I heard an anecdote a few years back that when the Europeans first encountered the Native Americans in the new world, the Native Americans were convinced that the Europeans worshipped clocks. Clocks told them when to get up, when to eat and when to go to bed. Almost every event started and ended in rigid adherence to the almighty hands of the clock. As opposed to simply eating when one was hungry, the Europeans dutifully consulted their time-piece gods before sitting down for a meal.

While I may not hold the same kind of reverence for time as my ancestors, I can say that I am a strict believer in the concept and spirit of Time. More specifically, I believe time marches on in a linear fashion and gives order and structure to our lives.

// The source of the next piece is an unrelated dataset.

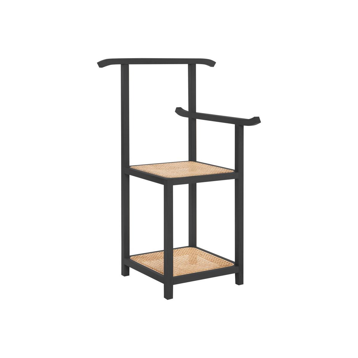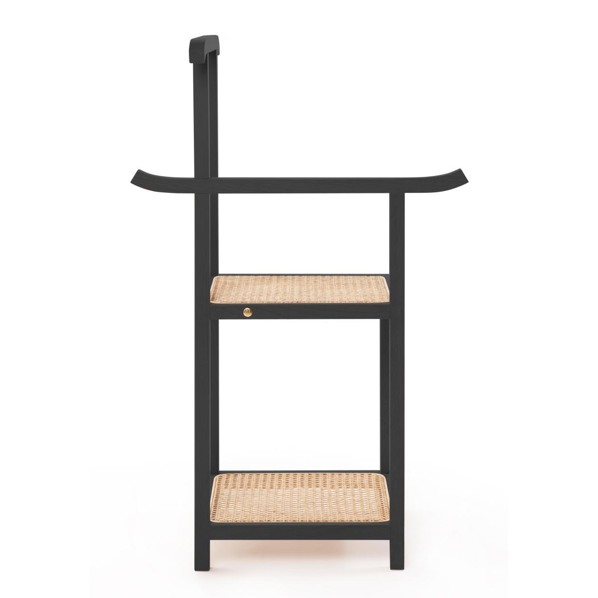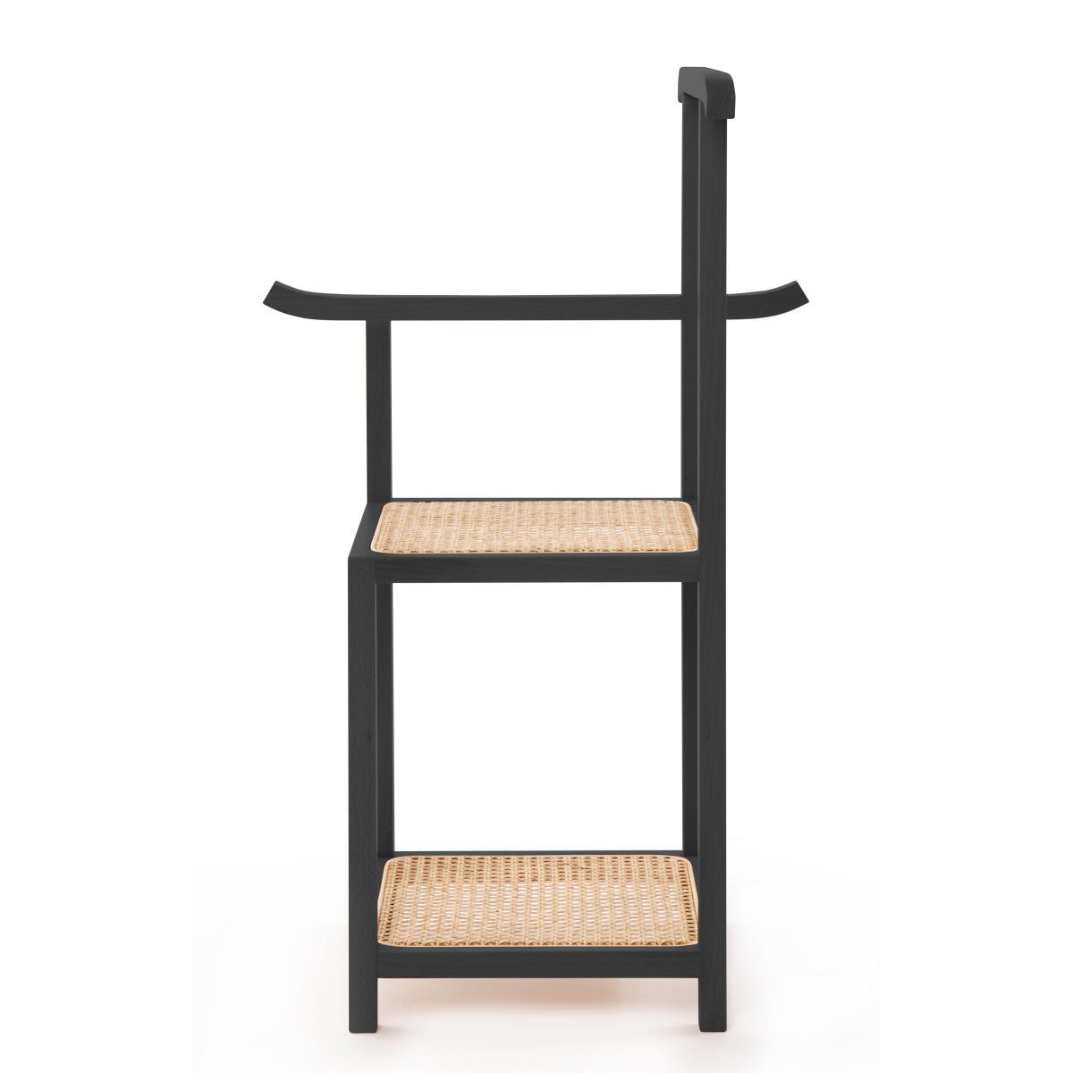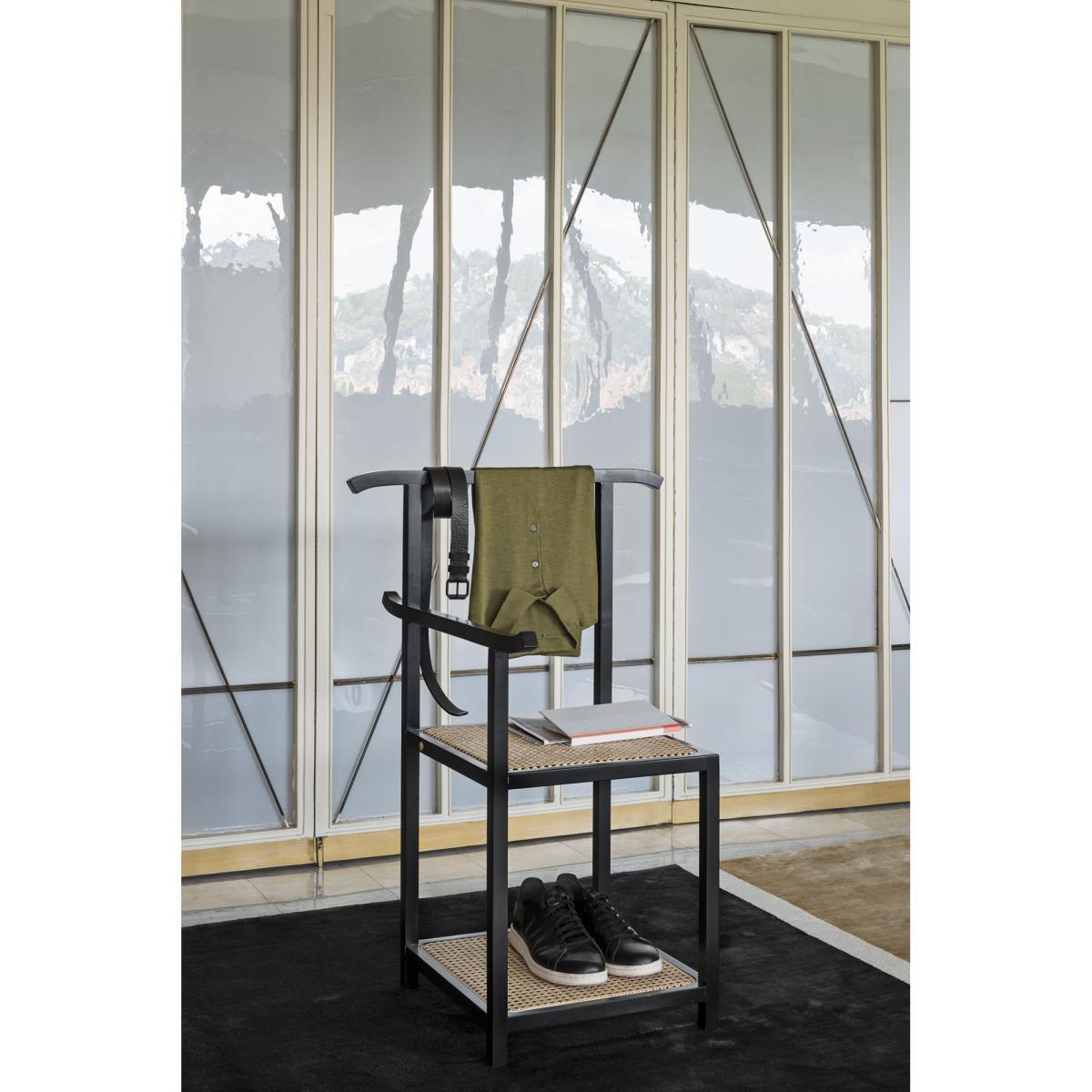 Singapore-born designer Nathan Yong is the creator of this minimalist item, with an oriental feel. It is a functional 2-in-1 piece of furniture that serves as a valet and a chair: practical for sitting down to put on shoes! The shelf located under the seat can be used to store bags and shoes. The back and armrest can serve as hangers for clothes or towels. The Majordomo will finds its place in a bedroom or bathroom. Majordomo consists of a square-section beech wood structure. The seat and shelf are created from natural straw caning.

Much to my annoyance however, my wife and her family are not such firm believers in the concept. For example, while I consistently use a timer when cooking, my wife has a less rigid approach. She asserts that she can just “intuit” when the food is done- which I normally wouldn’t have a problem with except that her intuition is consistently wrong. Wrong to the tune of – I have yet to see her make garlic bread without burning it in 5 years of marriage – wrong.

Now, to be fair I can’t solely place the blame on her. I actually blame her native country instead. You see, in Ethiopia, time really is relative. For example, currently in Ethiopia, it is the year 2008. Yes, you read that correctly. For unfathomable reasons that only Wikipedia can fully explain, the country is living either 7 or sometimes 8 years in the past. While this may be good for counting your age and perhaps even giving the country extra time to prepare for Y2K, it can make for interesting conversations. Rio Olympics ’08 anyone?

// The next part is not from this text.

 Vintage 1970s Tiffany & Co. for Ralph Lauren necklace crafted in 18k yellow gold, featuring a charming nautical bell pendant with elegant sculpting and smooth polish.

Not only is it a totally different year in Ethiopia, but just to add more confusion to the relatively simple concept of time, Ethiopians also actually count the hours of the day  differently.

So while you and I might reckon time based on a 12 hour cycle beginning at midnight and resetting at noon, in Ethiopia they start the day when the sun rises and sets. Therefore while you wake up at 7 AM our time, in Ethiopian time you actually are rising at 1 O’clock. Conversely, if you go to bed at 10 PM, in Ethiopian reckoning, you are actually going to bed at 4 PM. Confused? Exactly. It makes no logical sense unless you happen to live near the equator where the sun usually rises and sets around the same time every day.

This could pose problems if you work in a retail environment. When my sister-in-law was an employee at Marshall’s and was asked what time the store closes, a response of 3 ‘o clock can be met with confusion or downright hostility when the store actually closes at 9 PM and it is technically only 6 PM in the evening. I’m not exactly sure what the customer thought of this encounter. Probably something along the lines of “She’s a foreigner. Obviously telling time is not her forte.”

All this to say, I’ve adopted a policy of always asking if our family events are starting at Eastern Standard Time or Ethiopian Time. Otherwise, we run the risk of starting events either way too early or way too late. Now, if you’ll excuse me, I have to run to a birthday party for my newest niece. She turns negative 7 today.